A propositura da ação revisional pelo devedor interrompe o prazo prescricional para o ajuizamento de execução pelo credor.

Informações do Inteiro Teor

Cinge-se a controvérsia em saber se o ajuizamento de ação revisional pelo devedor interrompe o prazo prescricional para o ajuizamento de execução.
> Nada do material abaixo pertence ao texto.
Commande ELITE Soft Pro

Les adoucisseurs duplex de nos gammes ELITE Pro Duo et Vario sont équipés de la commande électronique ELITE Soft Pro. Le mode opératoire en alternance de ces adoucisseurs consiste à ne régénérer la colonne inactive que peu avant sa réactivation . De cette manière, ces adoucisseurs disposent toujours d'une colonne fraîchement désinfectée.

A despeito de existirem precedentes mais remotos, inclusive da Quarta Turma, posicionando-se de maneira contrária à interrupção do prazo prescrional na hipótese, é certo que o entendimento atualmente aplicado no âmbito do Superior Tribunal de Justiça é no sentido de que a propositura da ação revisional pelo devedor interrompe o prazo prescricional para o ajuizamento de execução, pois "a quebra da inércia do credor é caracterizada não só pela ação executiva, mas por qualquer outro meio que evidencie a defesa do crédito representado pelo título executivo" (REsp n. 1.956.817/MS, relator Ministro Ricardo Villas Bôas Cueva, Terceira Turma, julgado em 14/6/2022, DJe de 17/6/2022).
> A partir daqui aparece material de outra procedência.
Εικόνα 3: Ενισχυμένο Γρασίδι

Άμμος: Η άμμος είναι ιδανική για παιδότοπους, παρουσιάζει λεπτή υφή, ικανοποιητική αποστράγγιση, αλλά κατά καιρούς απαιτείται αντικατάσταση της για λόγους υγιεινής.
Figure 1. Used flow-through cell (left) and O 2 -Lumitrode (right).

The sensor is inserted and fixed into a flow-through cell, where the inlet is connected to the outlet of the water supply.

Isso se justifica porque é entendimento do STJ que a manifestação do credor, de forma defensiva, nas ações impugnativas promovidas pelo devedor, afasta a sua inércia no recebimento do crédito, sendo apta a evidenciar que o devedor tinha inequívoca ciência do interesse do credor na perseguição do crédito.

No caso, o ajuizamento de ação revisional implicou o reconhecimento do direito afeto ao crédito buscado pela parte, pois, partindo-se da premissa de que a relação jurídica discutida era válida, o devedor pretendeu discutir a exigibilidade do título, seja por aventada abusividade de cláusulas ou eventual excesso na cobrança de valores.
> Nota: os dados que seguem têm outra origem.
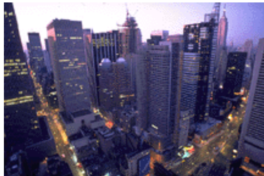
Pie de imagen o gráfico.

Si dispone de espacio, puede insertar una imagen prediseñada o algún otro gráfico.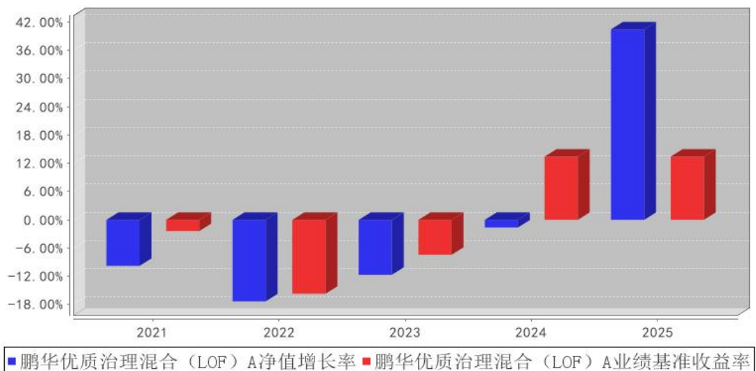
鹏华优质治理混合 (LOF) A 基金每年净值增长率与同期业绩比较基准收益率的对比图

A circunstância de ter a insurgente apresentado defesa nos autos da ação revisional, a fim de que prevalecesse a exigibilidade do título e, consequentemente, do crédito discutido afasta a sua inércia, sendo absolutamente desimportante a tese apontada de que a notificação manejada anteriormente à data da ação revisional seria bastante para estabelecer que o termo inicial não se contaria da data da última parcela, pois ante o ajuizamento da revisional, a defesa apresentada pela parte adversa (credora) demonstra a sua intenção em perceber o que lhe é devido.